The complaint further alleges defendants knew or recklessly disregarded that the PFIC tax classification would make POET a less attractive investment if discovered, and that Mika's public discussion of confidential business arrangements endangered the company's commercial relationship with one of its key customers. Together, these omissions and misstatements allegedly caused POET's stock price to be artificially inflated during the Class Period.
The truth began to surface on April 14, 2026, when Wolfpack Research published a report alleging that POET was "an obvious stock promote" and that the company qualified as a passive foreign investment company under U.S. tax law. Wolfpack's analysis, which it stated was corroborated by multiple tax experts, detailed the severe compliance implications for U.S. shareholders, including the requirement to file special forms annually, pay ordinary income tax rates on both realized and unrealized gains, and face punitive compounding interest for failure to comply. One expert quoted in the report described POET's PFIC status as "obvious." The following day, April 15, 2026, POET effectively confirmed the PFIC classification by issuing a statement announcing it would make information available for U.S. shareholders to make a "QEF" election to mitigate adverse tax consequences, and Mika stated the board intended to redomicile the company in the United States to eliminate future PFIC risk.

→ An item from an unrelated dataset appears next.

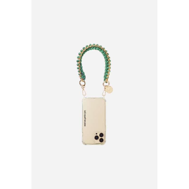 • > High Tech>Gadgets>Bijoux de téléphones>Bijoux de téléphone Romy avec mousquetons dorés 40 cm cordon tressé vert avec chaîne en metal
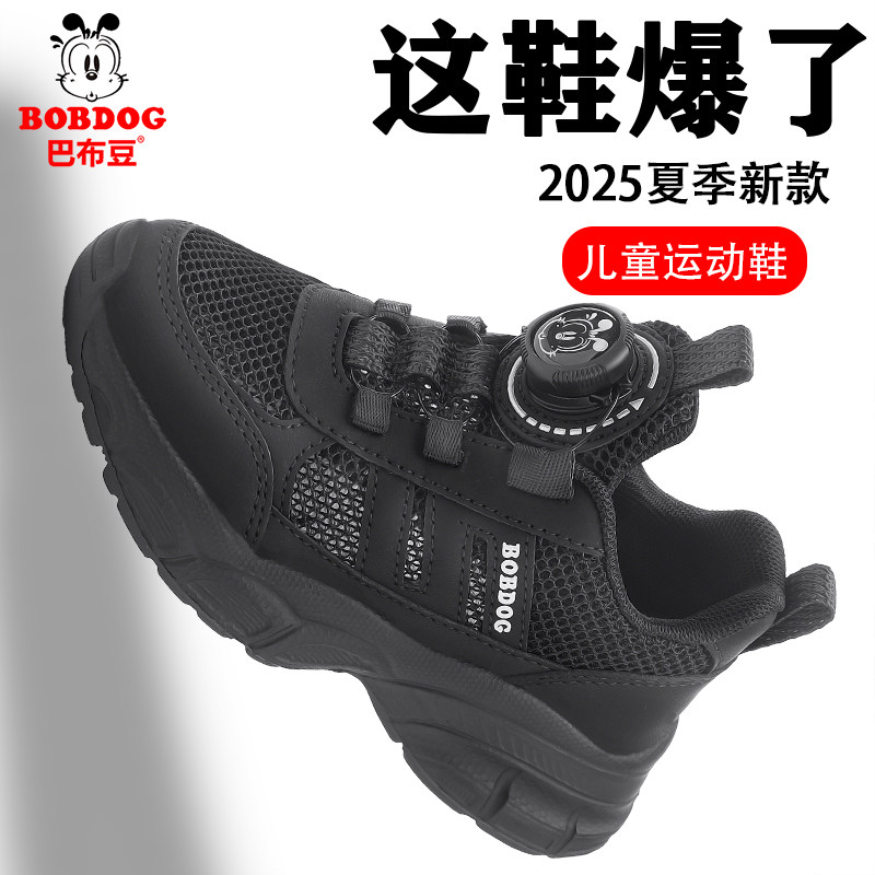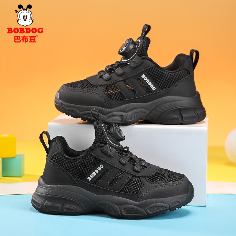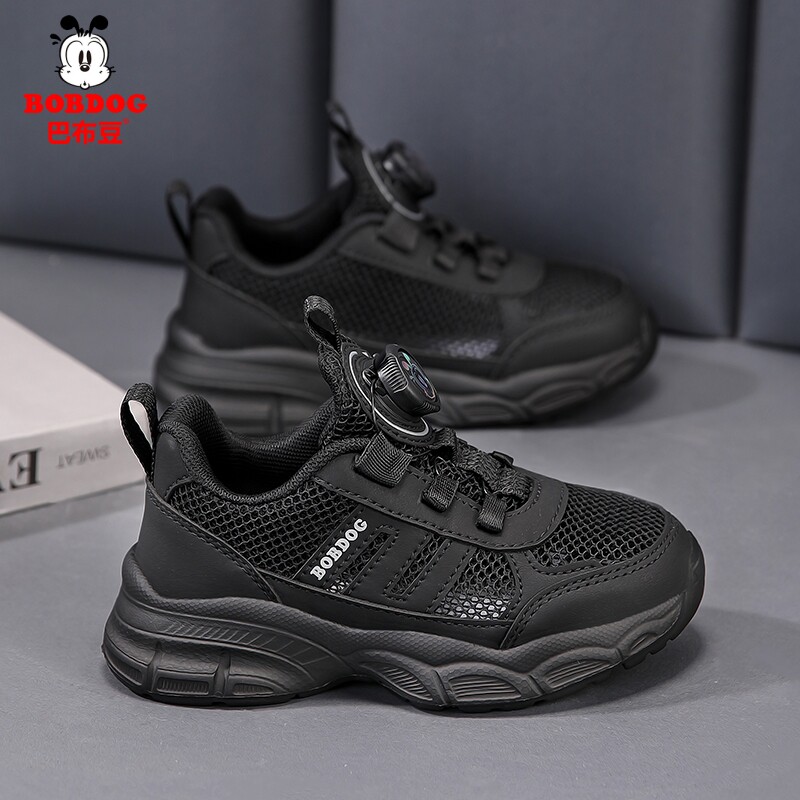巴布豆男女童黑色运动鞋夏季透气网面旋转纽扣小黑鞋中大童跑步鞋

The second and more damaging disclosure came on April 27, 2026, before the market opened at 8:58 AM ET, when POET announced the cancellation of all purchase orders from Celestial AI. The press release revealed that Marvell Semiconductor Inc. had provided written notice of the cancellation on April 23, 2026, stating that POET had made disclosures of information related to the purchase order and shipping details "in contravention of its confidentiality obligations." This directly contradicted Mika's April 21 interview statements and confirmed the complaint's allegation that his public disclosures had breached a confidentiality agreement with Marvell, with devastating commercial consequences for the company.
The Wolfpack Research report triggered an immediate market response on April 14, 2026, with POET stock falling $0.59 per share, or 8.08%, to close at $6.71. The more severe impact came on April 27, 2026, when the announcement of the Celestial AI purchase order cancellation sent POET shares plunging $7.15 per share, or 47.3%, to close at $7.95. The combined disclosures wiped out substantial shareholder value as the market absorbed the dual reality that POET's PFIC status made it a less attractive investment for U.S. shareholders and that the CFO's breach of confidentiality obligations had cost the company its relationship with a key customer.

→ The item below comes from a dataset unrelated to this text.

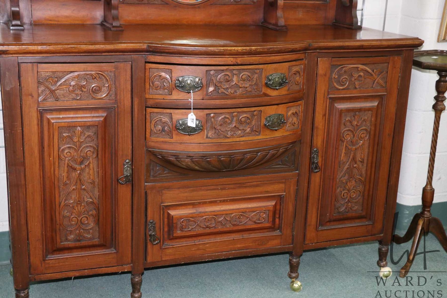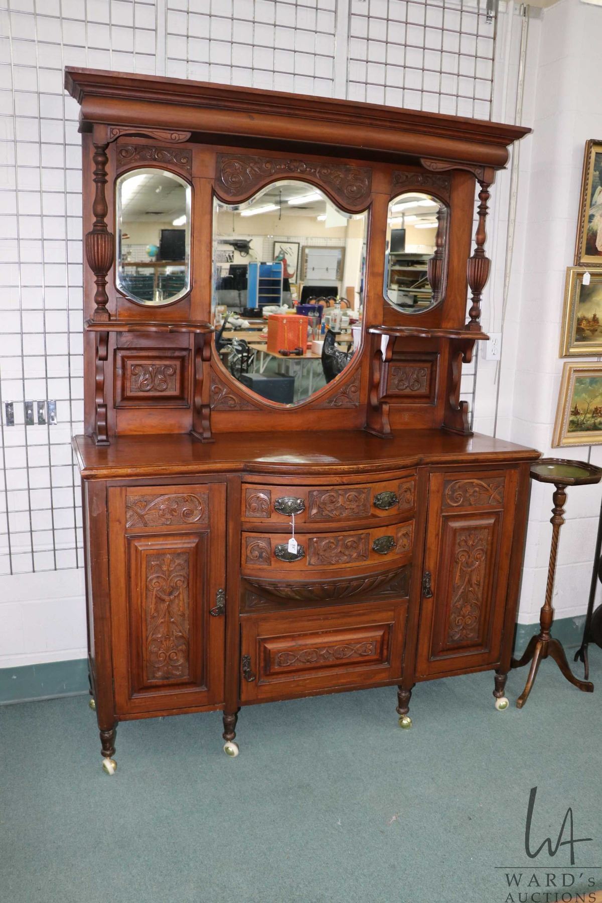 Antique Art Nouveau hand carved two piece sideboard with three beveled mirror, note: non-original ca

● Lead Plaintiff Deadline: June 29, 2026
● The Court will issue its order for lead plaintiff and counsel in the weeks after submissions are due.
● The Court will then consider motion for class certification.
● The Court will later consider a motion to dismiss.
Disclaimer: This shareholder alert is for informational purposes only and does not constitute legal advice. Consult a qualified attorney for personalized guidance. No specific outcomes are guaranteed.